Das Berufungsgericht wird daher im fortgesetzten Verfahren den Parteien mitzuteilen haben, gegen welche Feststellungen des Erstgerichtes Bedenken bestehen; erst danach wird es das Einverständnis der Parteien zur Durchführung der mittelbaren Beweisaufnahme einzuholen oder aber die Beweise im Umfang des mangelnden Einverständnisses neuerlich aufzunehmen haben (2 Ob 73/94).
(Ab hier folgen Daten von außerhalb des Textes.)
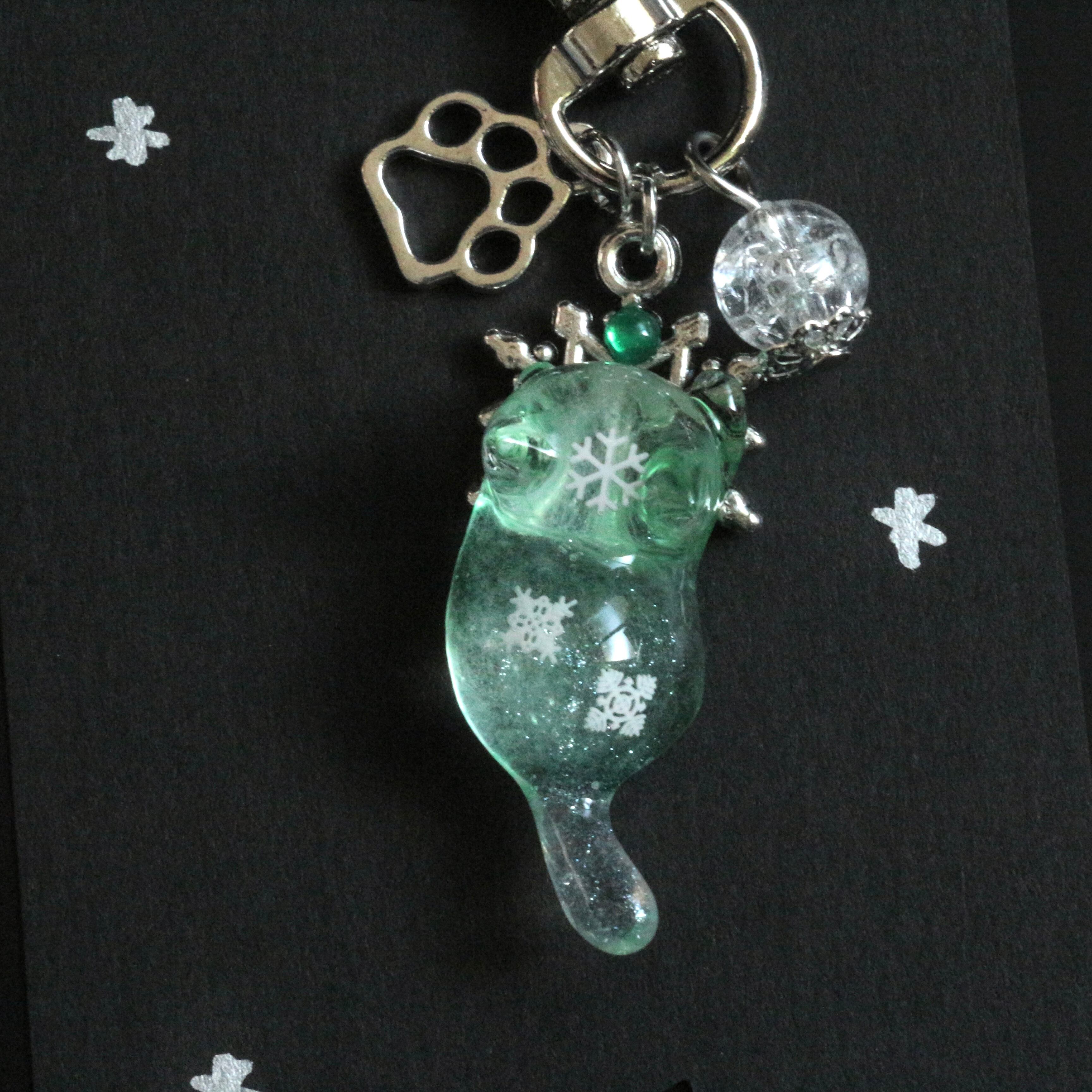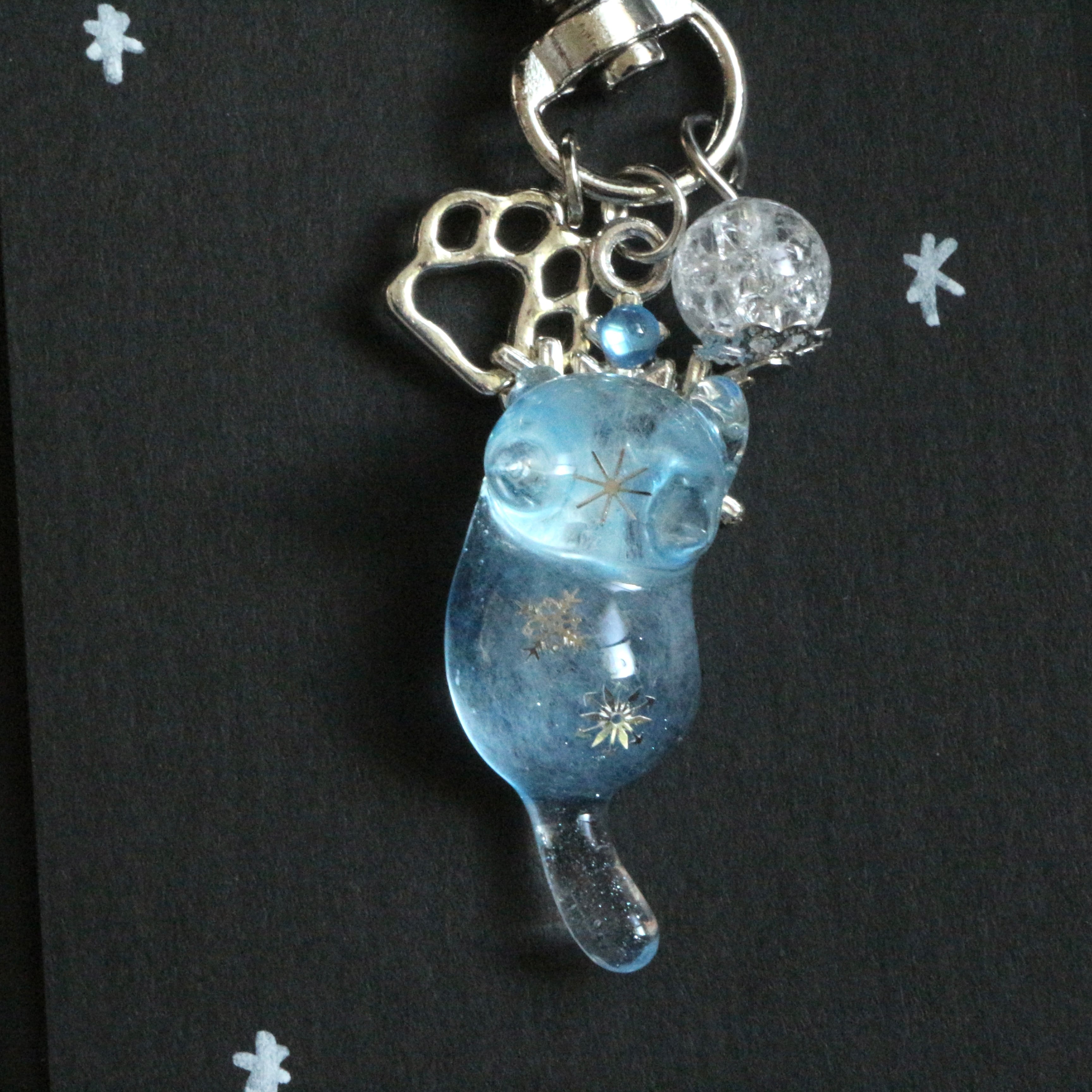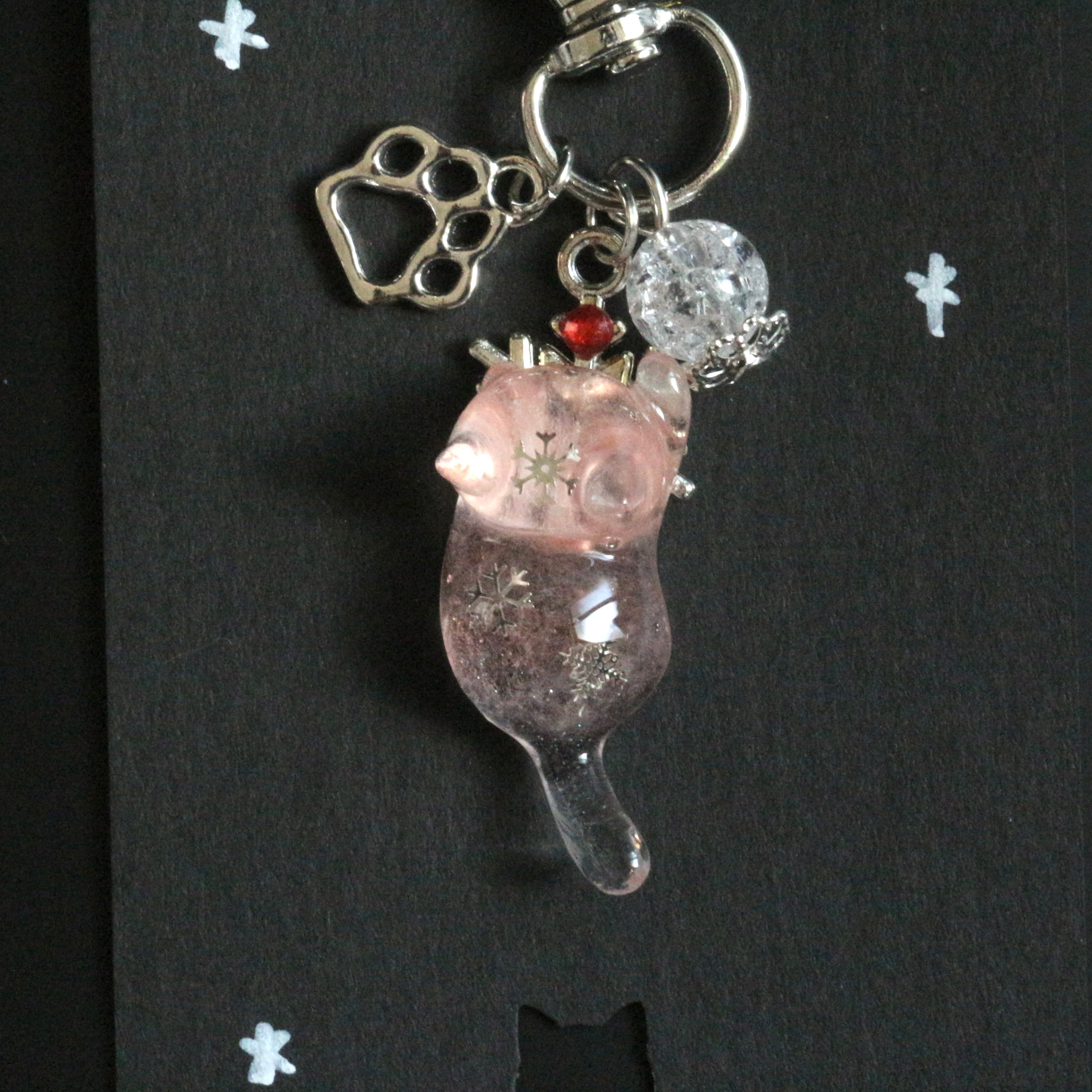 猫ちゃんが掴んでいる雪のチャームや白のクラックビーズで冷たさを表現しております。

Schließlich wird es auf Grund der ohne Verletzung des Unmittelbarkeitsgrundsatzes (RZ 1991/20, 10 Ob 515/95) aufzunehmenden Beweisergebnisse entsprechende Fest- stellungen über die für die Entscheidung des Rechtsfalles maßgebliche Parteienabsicht anläßlich ihres Mietvertrags- abschlusses bezüglich des tatsächlichen (Haupt)Mietzinses einerseits und die von Seiten der Bestandnehmerin geleistete "Mietvorauszahlung" andererseits zu treffen haben. Dabei ist - rechtlich - darauf hinzuweisen, daß nicht geklärt ist, ob der Mietgegenstand unter § 16 MRG fällt; zu prüfen wird damit auch sein, ob die von der Beklagten verlangte und unstrittig geleistete Einmalzahlung als eine echte Mietzinsvorauszahlung oder allenfalls eine nach § 27 MRG verbotene Leistung zu qualifizieren ist (siehe hiezu ua MietSlg 38.404, 41.304, EvBl 1986/29, WoBl 1988/79, 5 Ob 23/95, 5 Ob 1104/95 und jüngst 5 Ob 2077/96v). Das Berufungsgericht wird schließlich auch auf die von der Revisionswerberin unter Hinweis auf die Beweisurkunde Beilage 3 durchaus zutreffend als Aktenwidrigkeit (§ 503 Z 3 ZPO) monierte Rüge im Zusammenhang mit der - abweichend vom Erstgericht - getroffenen Feststellung zur Anzeige des Mietvertrages beim Finanzamt für Gebühren und Verkehrssteuern Wien Bedacht zu nehmen haben.

Es war daher spruchgemäß zu entscheiden.

Der Kostenvorbehalt beruht auf § 52 Abs 1 ZPO.